I spent a lot of time and money making this way of life a reality. I relinquished my apartment, sold my car, and gave most of my belongings to Goodwill. I left friends and family behind.
Ostensibly, the trip was designed to give me the time and motivation to develop myself as a musician and a performer. Alone on the road, with no distractions and no income save what my music could bring in, I imagined a musical life, interrupted only by new friends and walks with my dog.
So far, I have become an expert in stealthy overnight parking. I can walk in anywhere and use the bathroom without buying anything. I can go a week and a half without a shower and not look or smell homeless. I know the difference between regular and premium in my gas mileage. The stress on my system has wreaked havoc on my intestines, so I now have a wealth of knowledge about every OTC drug for vomiting, gas, bloating, cramps, constipation, diarrhea, and nausea.
Is this the learning curve?
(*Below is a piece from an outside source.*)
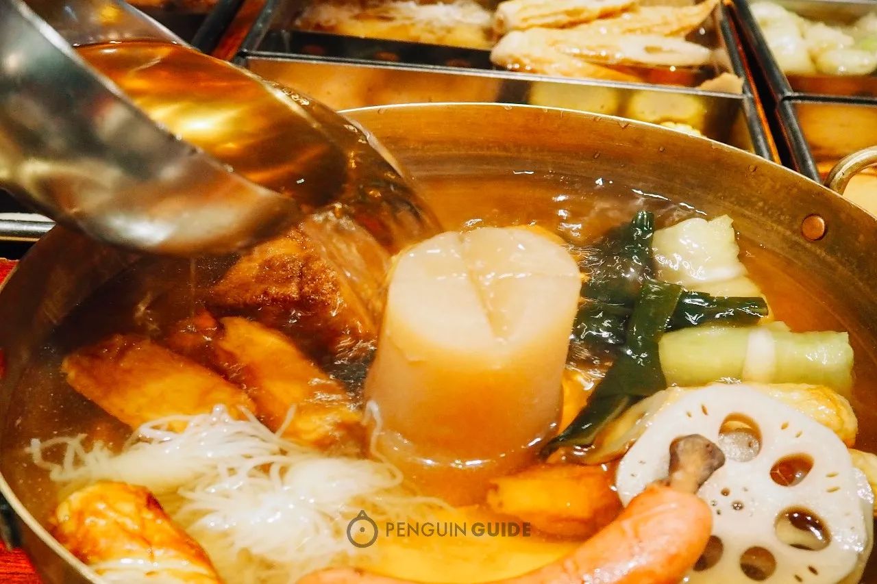 关东煮的出汁应该淡雅温和,不带侵略性,才能让每一样煮物都保留自身风味,而不是一味“浓香咸”。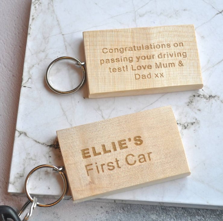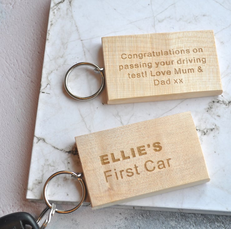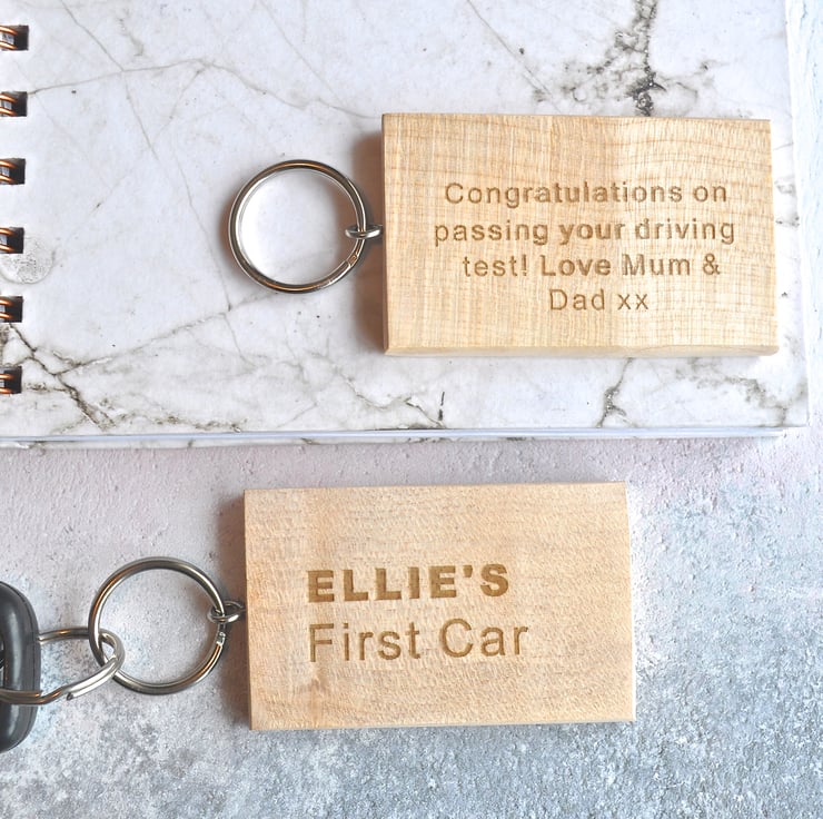 A wooden keyring personalised with the name of your choice and 'First Car'. The perfect gift for someone who has just passed there driving test!

Am I simply acclimating to a radical lifestyle change? My sickness so far has surely interfered with my music. I’ve lost days at a time, huddled under covers watching a world walk by my window. Pedestrians and traffic both blissfully ignorant of two tiny eyes watching from behind translucent curtains.
This is not the life I envisioned. I knew it wouldn’t be glamorous, but I was hoping for a bit more romance than this. At least a Polaroid has some aesthetic to it; this is more like a still shot from a grainy security camera. Do I need to reconsider? Is my plan a failure?
Certainly, I’m not learning all that I planned to learn. In a way, I have gained specialized knowledge I could never have anticipated. Yes, I’m feeling a bit adrift. I hold out hope that all this will gel into something cohesive in the future. For now, look for me washing out my underwear in a rest stop and nursing cups of coffee for hours at a time in Starbucks. Life on the road!